Address
- 150 East La Parra Street Sarita, TX, 78385 United States
- Coordinates: 26°51′47″N 97°41′53″W﻿ / ﻿26.863°N 97.698°W

District information
- Grades: PK–6
- Schools: 1
- NCES District ID: 4825410

Students and staff
- Students: 130 (2023–2024)
- Teachers: 10.77 (on an FTE basis)
- Student–teacher ratio: 12.07:1

Other information
- Website: www.saritaschool.net

= Kenedy County Wide Common School District =

School district in Texas, United States

Kenedy County Wide Common School District is a public school district based in the community of Sarita in unincorporated Kenedy County, Texas, United States. The district has one campus, Sarita Elementary School, which serves students in grades pre-kindergarten through six.

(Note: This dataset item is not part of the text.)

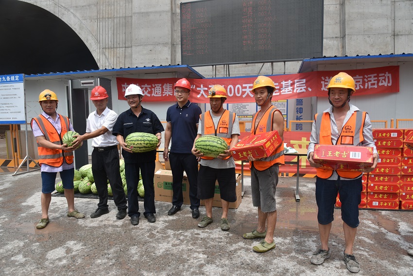 8月5日,集團(tuán)公司黨委書記、董事長龍?jiān)嗌钊胫心瞎鹃L沙空港城PPP第五、第八項(xiàng)目部開展“炎炎夏日送清涼 滴滴關(guān)懷暖人心”活動,并叮囑項(xiàng)目部切實(shí)加強(qiáng)對職工的關(guān)懷,深入開展“夏送清涼”活動,做好職工防暑降溫工作。

Almost all of Kenedy County is within the KCWCSD service area. As of 2001, of the nine Texas counties having only one school apiece, the population of Sarita Elementary School was the smallest.

Students who graduate from Sarita Elementary move on to De La Paz Middle School and Kaufer Early College High School, operated by the Riviera Independent School District, which takes all secondary students from the KCWCSD area.

In 2009, the school district was rated "recognized" by the Texas Education Agency.